See, also, Farrell v. Finch, 40 Ohio St. 337; 5 Cyc. p. 401, and cases cited.
We do not overlook the fact that several States, notably Massachusetts (see Carpenter v. Turrell, 100 Mass. 452, and Hamilton v. Bryant, 114 Mass. 543), have given a different construction to the statute. This' is, however, a Federal statute, and we are of opinion that the construction it has received in the Federal courts should control, if that" construction is not inconsistent with our own decisions and is, as we believe it to be, in accordance with the principles of justice.
It is urged that no Federal question is involved. While in one sense that may be true, yet, under the record as it stands, the only obstacle to the recovery of a judgment by the plaintiff against both principal and surety is the fact that a Federal law says that under a certain contingency (which has arisen) the principal is relieved from the debt. That same law, in terms, and as construed by the Federal courts, says that the release of the principal shall not operate to discharge his surety. Nor is this construction one which is unduly harsh as to the surety. In signing the obligation, he may be presumed to have had in mind the contingency that his principal might become bankrupt, thus making the surety’s liability upon the bond certain.

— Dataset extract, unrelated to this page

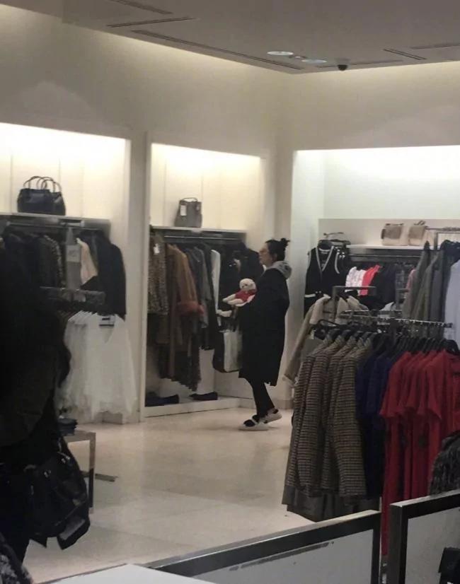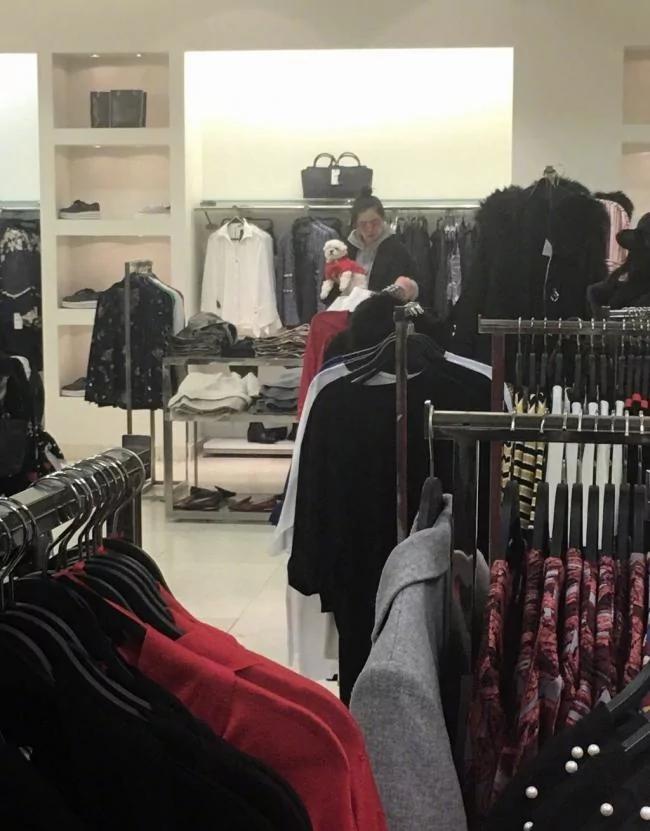 照片上可见王祖贤扎着丸子头戴一副眼镜,怀里抱着一只小狗狗,一身黑衣显得格外有气质,她一个人在一家服装店闲逛,马上就要过年了,想必是出门买衣服。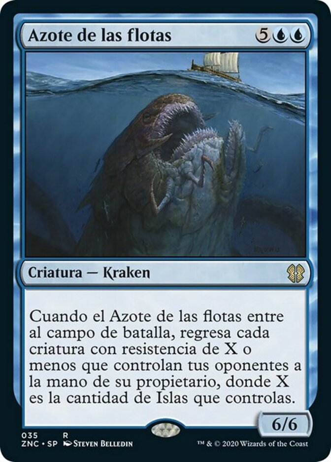 | Rules | When Scourge of Fleets enters the battlefield, return each creature your opponents control with toughness X or less to its owner's hand, where X is the number of Islands you control. |

We have not heretofore discussed the conditions of the bond itself. The first condition is:
“That if the above-bounden Stanislaus Antezak shall prosecute his said appeal with all due diligence to a decision in the said circuit court,” etc.
Now, did the principal comply with this condition of his bond ? Instead of prosecuting his appeal, he voluntarily sought relief through bankruptcy in the Federal court, and interposed that proceeding first for the purpose of securing a stay of proceedings, and finally as an absolute bar to a recovery. These acts are clearly inconsistent
Our attention is called to the case of Bryant v. Kinyon, 127 Mich. 152 (86 N. W. 531, 53 L. R. A. 801). We there held that a discharge in bankruptcy released the surety upon a capias bond. The condition of that bond is that the principal “shall pay the costs and condemnation of the court or render himself into the custody of the sheriff,” etc.
The right of the surety to surrender his principal extends eight days from the commencement of suit on the recognizance, after the timely and regular issue and return “not found” of a body execution. If the debt for which the original suit was brought is extinguished by the bankruptcy proceeding, no body execution can ever issue, and the contingency which fixes the liability of the surety can never arise. The case at bar does not present this difficulty. Here, as stated by the United States Supreme Court, a judgment may issue against the principal accompanied by a perpetual stay of execution, and the surety may be compelled to answer according to the terms of his obligation.
The judgment is reversed, and a new trial ordered.
ON MOTION TO AMEND JUDGMENT.
A motion is made in this case to amend the opinion. The case is reported ante, 110 (128 N. W. 774). The conclusion of the opinion is: “The judgment is reversed and a new trial ordered.” It is now urged by plaintiff, in support of its motion to amend, that the case was tried by the court below upon stipulated facts, and that the only question in the case was one of law, which has been determined adversely to the contention of
The motion is granted, and the opinion will stand amended to read as follows:
“The judgment is reversed, and the case is remanded to the circuit court, where judgment will be entered for the plaintiff in the amount of the judgment in the justice’s court, with interest.”